Which enabled Forcheville, a moment later, finding himself alone again with Mme Cottard, to complete his favourable verdict on her husband with: “He’s an interesting man, too; you can see that he knows a few people. Gad! they do get to know a lot of things, those doctors.”
“I’m going to play the phrase from the sonata for M. Swann,” said the pianist.
“What the devil’s that? Not the sonata-snake, I hope!” shouted M. de Forcheville, hoping to create an effect.
But Dr Cottard, who had never heard this pun, missed the point of it, and imagined that M. de Forcheville had made a mistake. He dashed in boldly to correct him: “No, no. The word isn’t serpent-à-sonates, it’s serpent-à-sonnettes!” he explained in a tone at once zealous, impatient, and triumphant.12
Forcheville explained the joke to him. The doctor blushed.

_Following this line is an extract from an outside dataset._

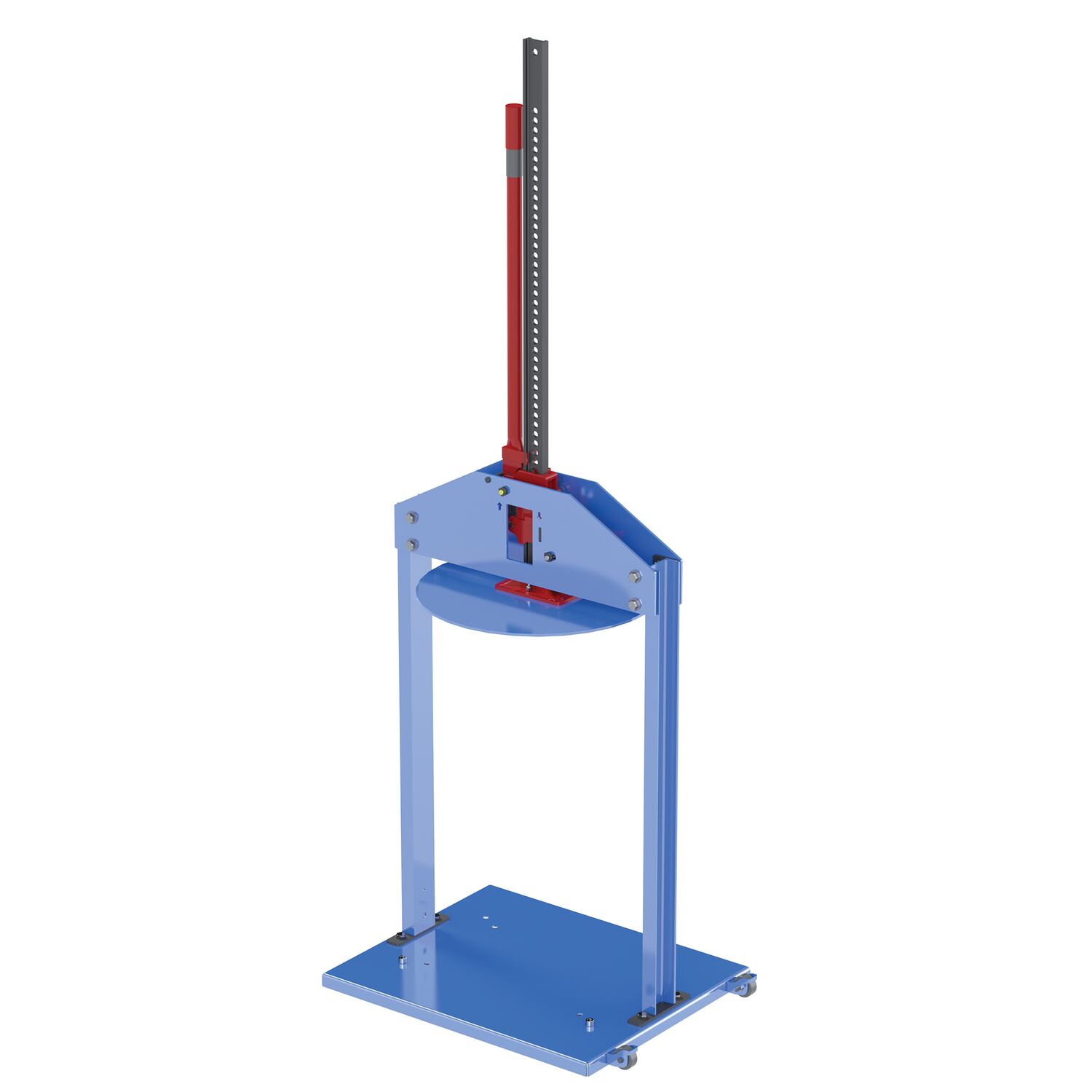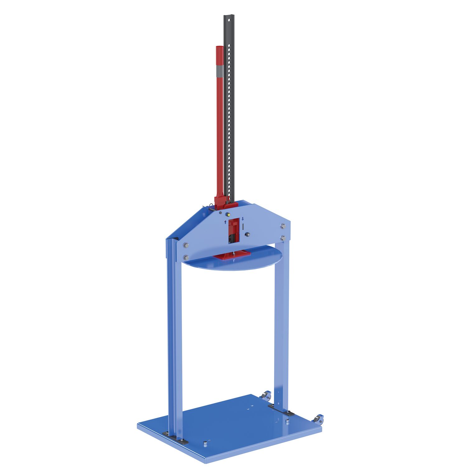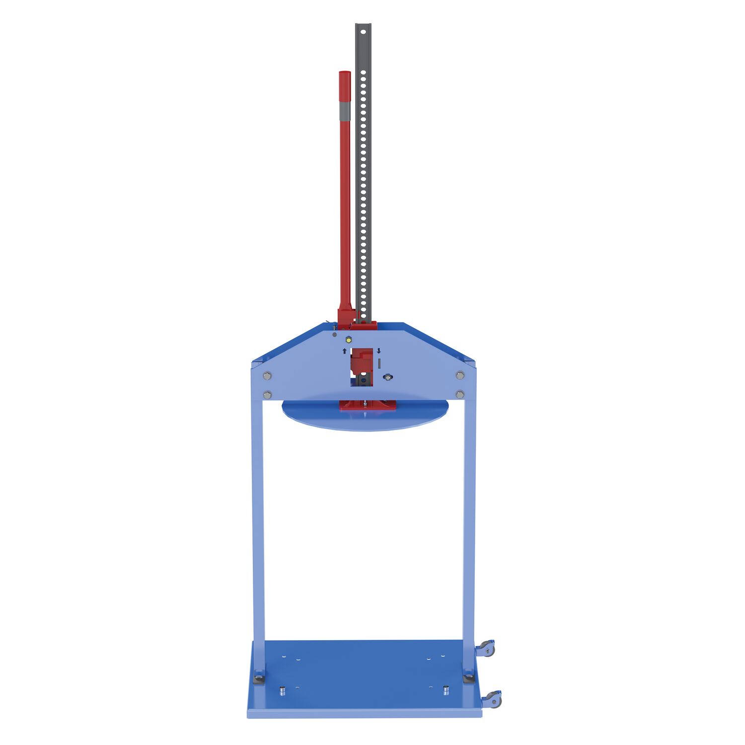 This easy to use product is designed for compacting the contents of 30 and 55 gallon drums. Manual ratcheting mechanism has 7,000 lbs of compacting force. Ratchet mechanism is also used to retract compacting plate. Compacting plate direction is adjusted with selector levers. Ratchet lever is secured in the UP position with locking pin. Includes two wheels for tilt-and-roll portability of unit when empty. Baked in blue powder coat finish for toughness. Drum not included.

“You’ll admit it’s not bad, eh, Doctor?”
“Oh! I’ve known it for ages.”
Then they were silent; beneath the restless tremolos of the violin part which protected it with their throbbing sostenuto two octaves above it—and as in a mountainous country, behind the seeming immobility of a vertiginous waterfall, one descries, two hundred feet below, the tiny form of a woman walking in the valley—the little phrase had just appeared, distant, graceful, protected by the long, gradual unfurling of its transparent, incessant and sonorous curtain. And Swann, in his heart of hearts, turned to it as to a confidant of his love, as to a friend of Odette who would surely tell her to pay no attention to this Forcheville.